Na guerra do garimpo, profissionais de saúde vivem sob ameaça na Terra Yanomami

Frentes de garimpo ilegal na Terra Yanomami ainda resistem em várias regiões (Foto: Reprodução)

Não se trata apenas de combater o garimpo ilegal dentro da Terra Indígena Yanomami. Há outro ponto desafiador para as autoridades federais: desarmar indígenas que foram cooptados por garimpeiros e impedir a entrada de bebidas alcóolicas nas comunidades. Há regiões onde os indígenas estão sempre armados e bêbados, pois passam o dia todo tomando cachaça.

Relatos dessa situação têm chegado à Capital, mas não ao conhecimento das autoridades policiais, e sim da rede pública de saúde, onde profissionais de saúde que trabalham com os Yanomami têm buscado atendimento psicológico. Os profissionais temem por suas vidas e muitos pensam em desistir por falta de segurança mínima. Outros já abandonaram o trabalho.

Dias atrás, uma profissional da Secretaria Especial de Saúde Indígena (Sesai) buscou atendimento psicológico no Pronto Atendimento Cosme e Silva por estar aterrorizada após ter uma arma de fogo apontada para sua cabeça por um indígena bêbado, que se alterou depois que foi dito para ele esperar por sua vez no atendimento. Visivelmente um caso de estresse pós-traumático.  

Agora ela está em desespero só de pensar que terá de voltar para a terra indígena. Em atendimento na unidade de saúde, a servidora foi orientada  a buscar um laudo psiquiátrico a fim de obter afastamento ou realocação de local de trabalho. Outros profissionais simplesmente pedem demissão por não suportarem mais trabalhar sob pressão e insegurança, seja por indígenas armados ou por ameaças de garimpeiros.

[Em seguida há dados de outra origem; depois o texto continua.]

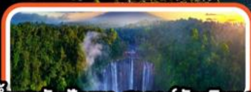
น้ำตกทับปดเซวู สวรรค์นักเดินทาง
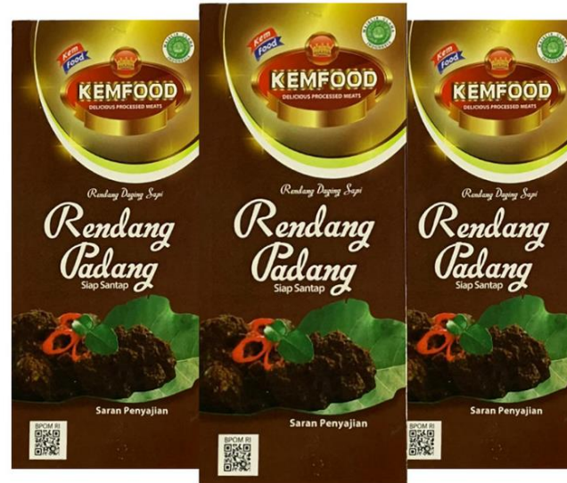
Rendang Padang Kemfood

Dendeng Sapi Manis Kemfood mengandung gizi dan protein yang tinggi, terbuat dari daging sapi pilihan yang diolah secara higienis sesuai dengan standar Internasional. Produk ini adalah produk siap santap yang dapat disimpan di suhu ruang.
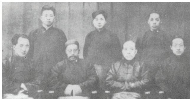
国学研究院教师合影。 前排左至右：李济、王国维、梁启超、赵元任； 后排左至右：章昭煌、赵万里、梁廷灿

当然，单纯继承中国传统学院的优点远远不能造就清华国学院的“神话”，在新文化运动思潮的大背景下，清华国学研究院的成立更是充分借鉴了西方学院的教学模式，吸收西方大学的办学精神和导师制，充分把西方教学中的优势融汇到国学教育之中。
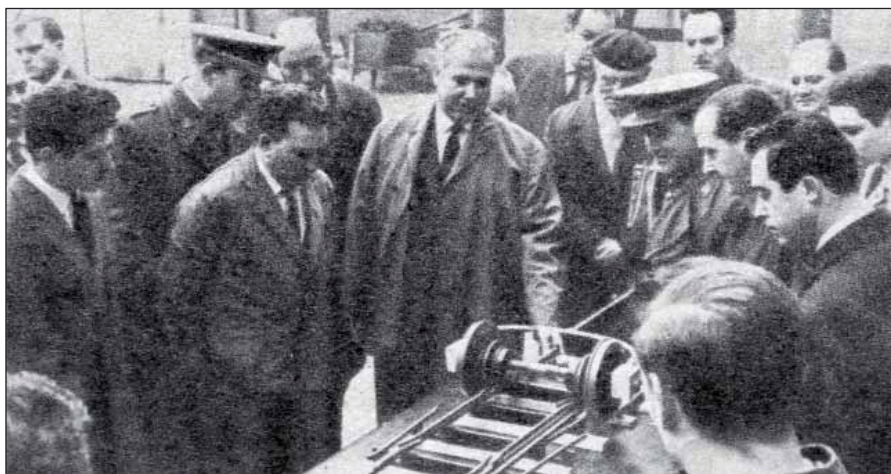
Pruebas del sistema RAV de Muñiz Aza.

Pero no sólo de modernización vive el ferrocarril y mirando al pasado Renfe iniciaba los estudios para establecer un Museo del Ferrocarril y ya se pensaba para situarlo en los bajos del edificio que hoy es sede de la Fundación de los ferrocarriles Españoles, el Palacio de Fernán Núñez. □

O garimpo ilegal não só destruiu o solo, a água e a floresta. Também destroçou a cultura e as tradições de várias comunidades, especialmente aquelas onde as lideranças foram cooptadas, recebendo como pagamento e compensação armas de fogo, munição, droga e cachaça para que permitam a extração de ouro ou ajudem a defender as frentes de garimpo ilegal.

Mas não são apenas os profissionais de saúde que têm buscado atendimento psicológico na rede pública. Garimpeiros que trabalham em um regime análogo a escravo e vivem sob riscos constantes chegam a Boa Vista com ansiedade, pois vivem uma situação limite, sem poder dormir à noite com medo de serem mortos dentro da guerra que se transformou o garimpo.

É uma guerra sem trégua, com crime organizado, indígenas armados, operações policiais e a violência cotidiana que normalmente se estabelece no limbo da ilegalidade, uma vez que não são apenas trabalhadores e pais de famílias, mas bandidos e foragidos que se escondem e se estabelecem no garimpo ilegal pela força.

Então, o desafio das autoridades federais vai muito além de combater o garimpo ilegal, retirando os invasores, monitorando e impedindo a entrada de garimpeiros, mas também de desarmar os indígenas e eliminar as bebidas alcóolicas das comunidades. O alerta já vem sendo dado pelos profissionais de saúde, os qusis vêm pedindo socorro, mas todos estão fingindo que não estão vendo nem ouvindo nada.